With more than 70 million people supporting the conspiracy-based candidacy of Donald Trump, we cannot afford to look at such events as those of an isolated fringe. Instead, we need to take a deeper look into what causes millions of ordinary citizens to believe in fantastical, outright lies. What we see is that social media has enabled the spread of cult-like beliefs from fringe to mass groups for the first time. Such a diagnosis will not only be helpful in understanding what ails the body politic, but also in preventing future harm from mass lies, including everything from climate change denial to the dangers of vaccination.

How do people come to believe in obvious lies? What the history of cults tells us

The scientific approach of most academics doesn’t lend itself easily to understanding the underlying irrationality of human nature. Asking someone in a lab why they gamble doesn’t really capture the roots of primordial urges, such as those to win or to gain power and respect.
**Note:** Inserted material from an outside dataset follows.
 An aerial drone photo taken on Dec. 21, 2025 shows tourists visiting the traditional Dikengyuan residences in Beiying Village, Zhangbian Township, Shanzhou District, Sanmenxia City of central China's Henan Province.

We might not have good explanations for why such urges exist, however, we can still document them and trace how they play out in social interactions, and particularly in social media, which take on a very different character than what occurs in a lab, where behaviour that would be unacceptable in face-to-face interactions in “normal” life is permitted.
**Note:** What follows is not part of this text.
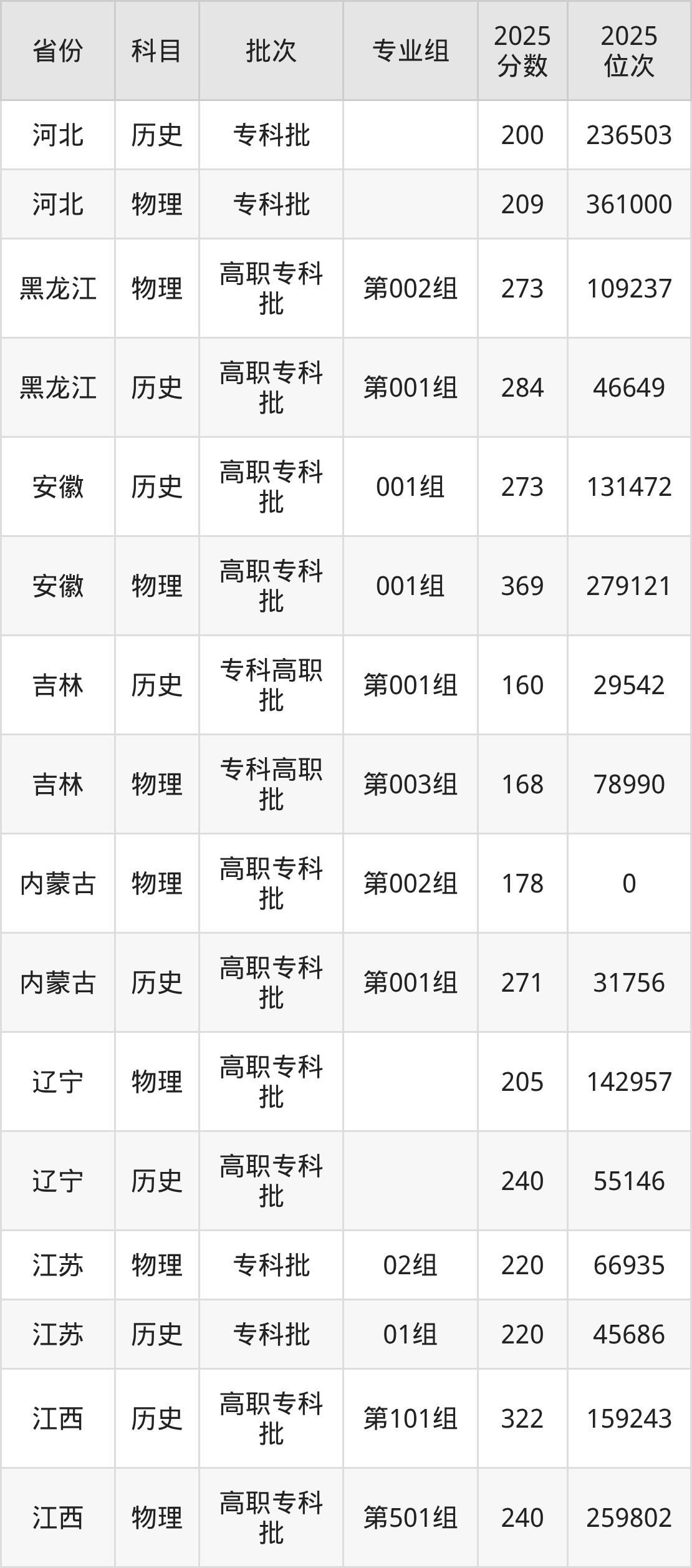 下面是2025年长春信息技术职业学院全国录取分数线一览表,请查阅。

It is similarly difficult to place one’s finger on mass hysteria, such as that pertaining to fear of a communist infiltration in the U.S. of the 1950s, or of the ordinary citizens supporting Hitler’s lies in the 1930s; clearly individuals in a mob act very differently.
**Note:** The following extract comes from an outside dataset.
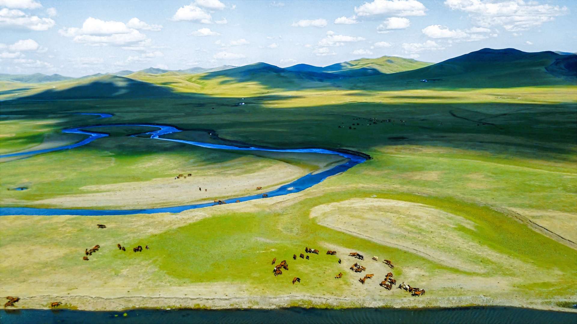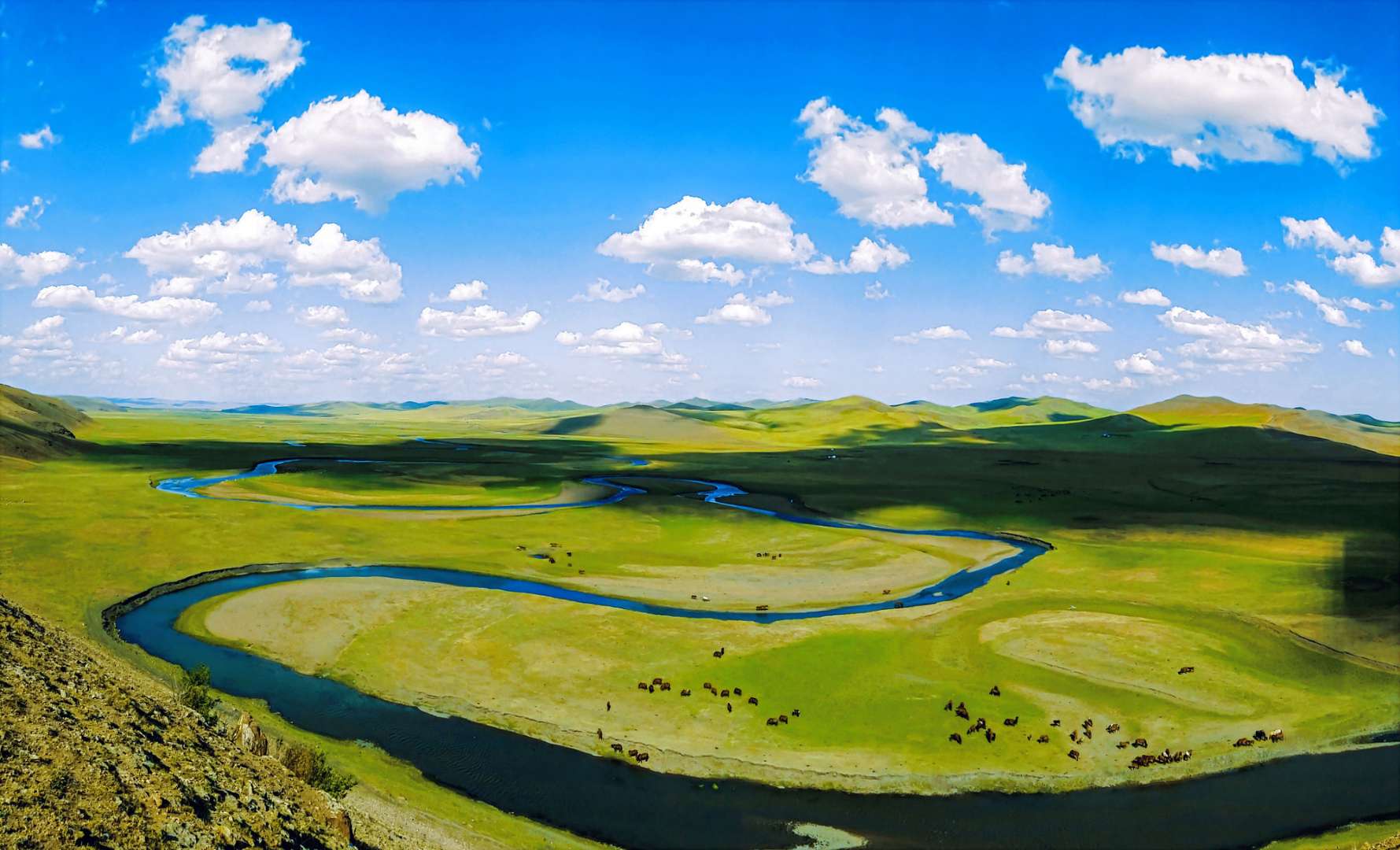 藍(lán)天白云下,鑲嵌在一望無際的綠色草原上的莫日格勒河,顯得是那樣嬌柔嫵媚,在這種純自然的優(yōu)美環(huán)境中,騎上駿馬,駱駝,或是坐在勒勒車上,沿著彎彎曲曲的莫日格勒河溜上一圈,再走進(jìn)蒙古包里喝上幾碗用莫日格勒河水和鮮奶煮就的奶茶,嘗一嘗香氣四溢的手把肉,同牧民聊聊家常,聽牧民講述動人的傳說和故事,那該有多么愜意啊.

In fact, having strong beliefs is intrinsic to human behaviour. Throughout history, strong beliefs have been the source of religion and culture, not the rational maximizing character that economists and political scientists now posit. We need belief to strive for improvement, to engage in morality, and to care for future generations, all of which defy the self-interest maxim of capitalism and consumerism. While humans are competitive and seek out self-interest, belief in a common good is what binds us together. In some cases, groups can move toward incredible feats of heroism by suspending beliefs in “the facts,” such as the underground railroads helping Jewish people to escape Nazi Germany and slaves from the American South. However, that same binding is what creates group conflict including wars. What we see in cults is a rather more destructive version of belief, one in which the group sacrifice lacks a noble cause and pursues aims that defy basic facts.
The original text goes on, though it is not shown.